# Tire Technology: 18.4R42



## Metal4130 (Jan 15, 2007)

Have John Deere 4630 in which I am changing from 20.8-38 tires to 18.4R42 using step up rims. Local tire dealer suggested Firestone Radial All Traction 23 deg--R-1 tires or deeper lug R-1W tires. Do not know which set to get. R-1 tires have lug height of 1.57 inches and R-1W have lug height of 1.96 inches. Any suggestions from anyone with experience with these tires. Tractor is running in Northern Illinois soil and is doing everything from planting to discing to chisel plowing.


----------



## Live Oak (Dec 22, 2003)

Welcome to Tractor Forum Eric! 

I don't have much if any experience with these type of ag tires. My thoughts would be that the deeper R-1W tread would give a better bite for traction is soft soil that would allow the bars to sink in. How much more bite .39 inches would give is debatable and I think the deciding point would be what is the price difference between the two? 

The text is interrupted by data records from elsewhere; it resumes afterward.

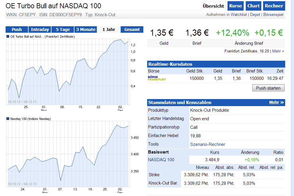 Sollte es jetzt noch zu einer Jahresendrally in dem Gesamtmarkt kommen wird man mit dem CALL den ich empfohlen habe eine wahnsinns Performence hinlegen.
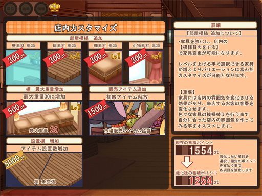 例えば床や棚の模様を増やしたり、市場で販売されてるより高い商品を開放したり等、何を開放するのかはプレイヤー自身が決めていく形になるので商品を売る楽しさが出てくると思います
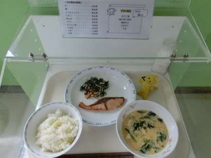 きびご飯・ぶりの照り焼き・磯香和え・かき玉汁・牛乳
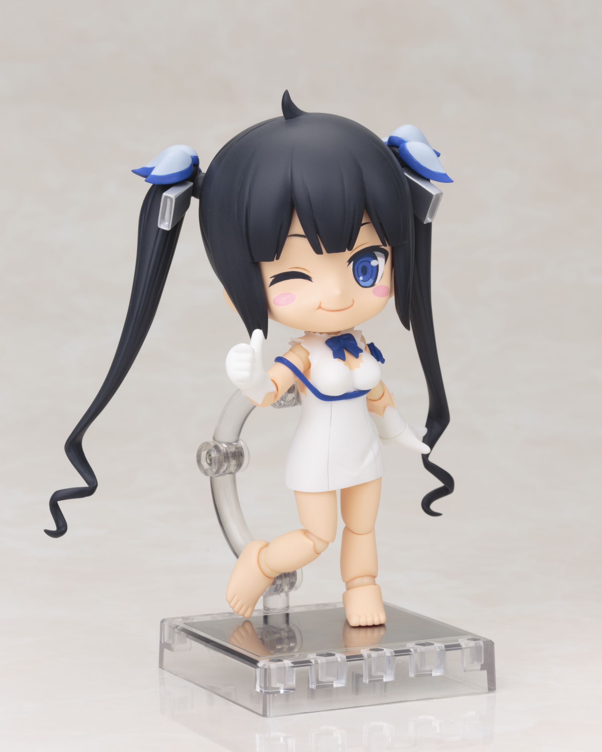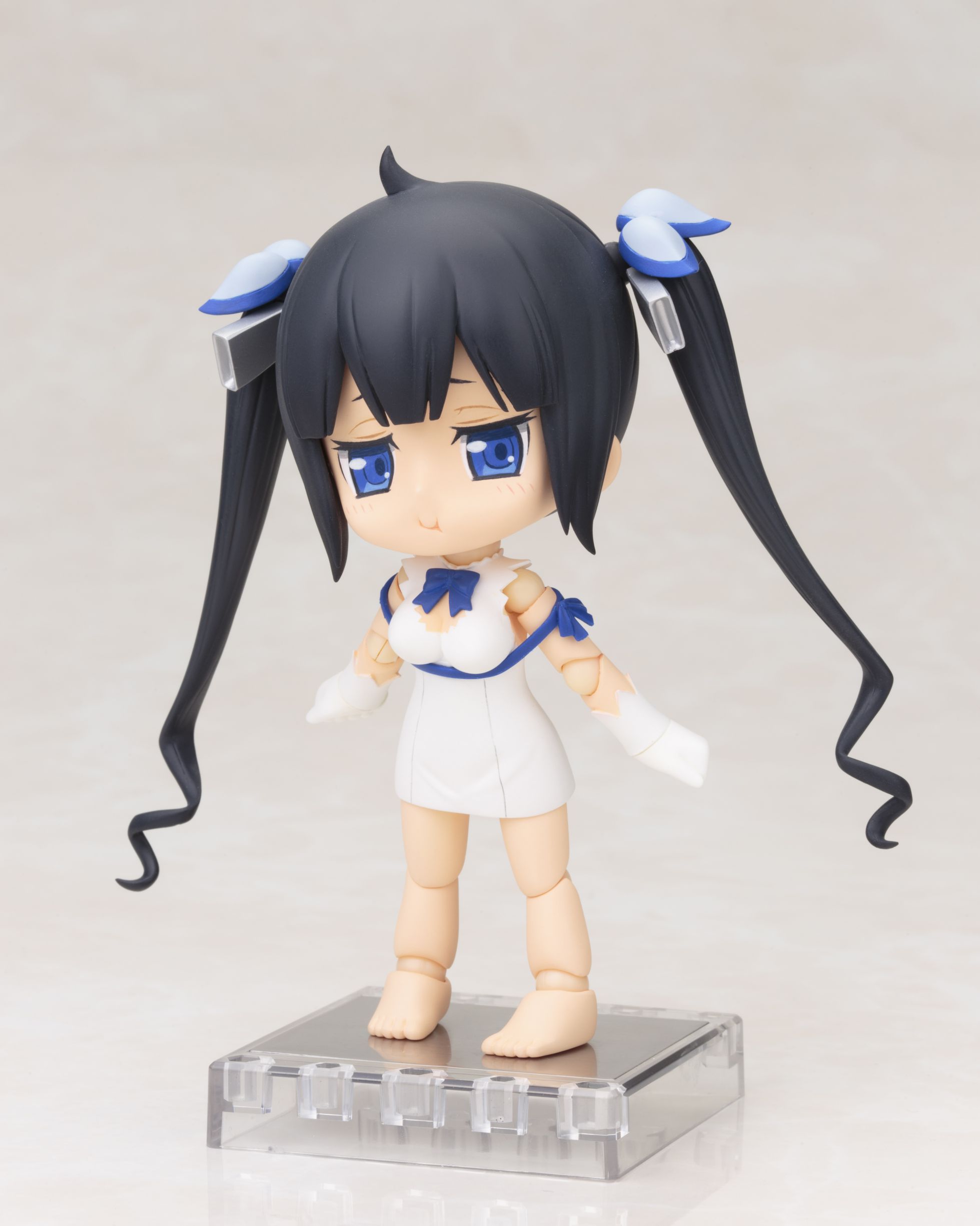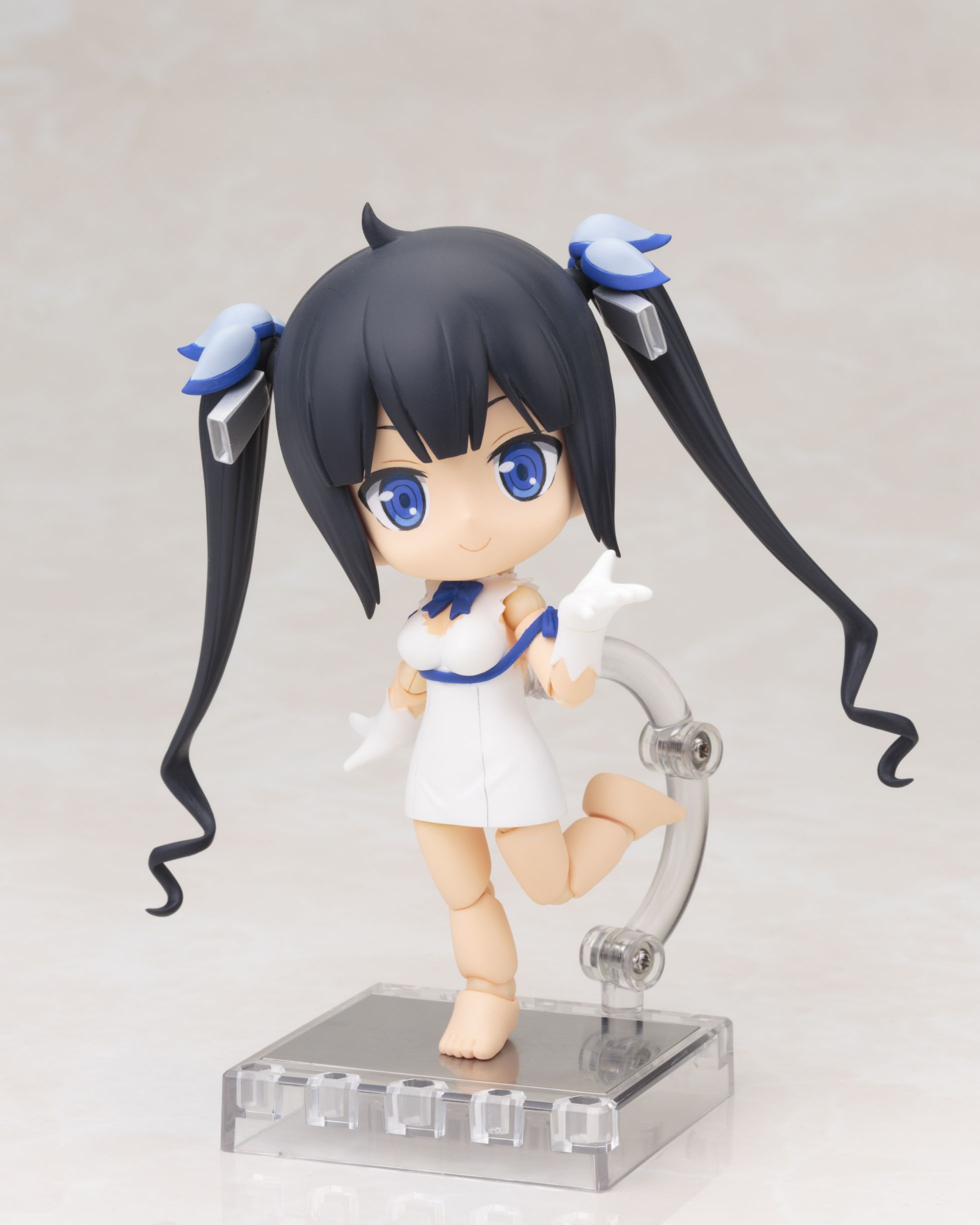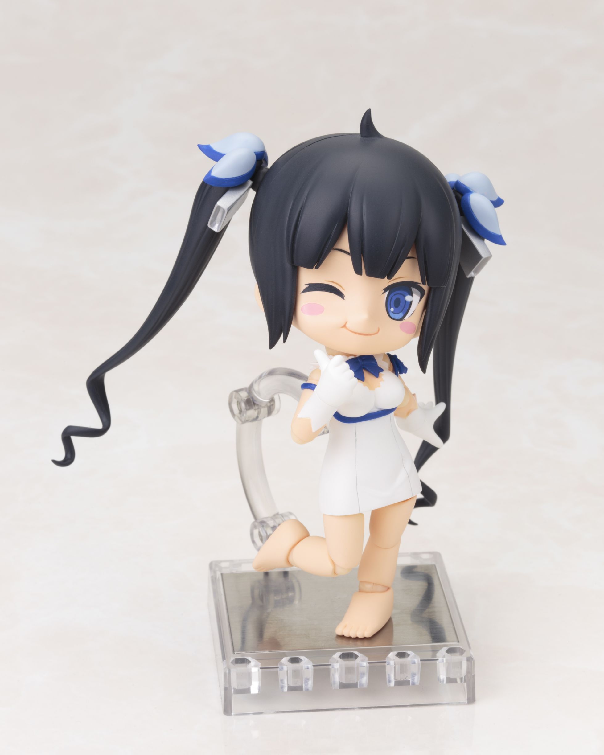 うごいてたのしいポケットさいずのキュートなふぃぎゅあ「キューポッシュ」。シリーズ第24弾は、『ダンジョンに出会いを求めるのは間違っているだろうか』より、主人公であるベル・クラネルの所属する[ファミリア]の主神、ヘスティアが登場です。「キューポッシュ」とは、2.3頭身のデフォルメキャラクターたちの、とっても可愛いポケットサイズの新しい可動フィギュアシリーズです。小さな体に豊富な可動、足裏のマグネットにより専用ベースの上では楽々といろんなポーズがとれ、充実の付属品でキャラクターのいろんな表情や印象的なシーンを再現できます。ヘスティアの胸まわりのブルーのリボンは、腕の動きを邪魔しない少し柔らかめの素材となっています。付属の4種の表情パーツで、表情がころころ変わるカワイイ神様の魅力をお楽しみください。

Your best bet would be to try posting this question on Ag Talk.

Ag Talk 

There are a lot of guys there who farm with this kind of equipment everyday and most likely have the experience with using these tires.

My experience is telling me that the probably much higher cost of the R-1W's over the standard R-1's just may not justify the cost unless you have some very unique circumstances.


----------



## Live Oak (Dec 22, 2003)

Looks like the guys on Ag Talk took care of you! At least it looks like a good discussion and range of opinions to give you some food for thought.


----------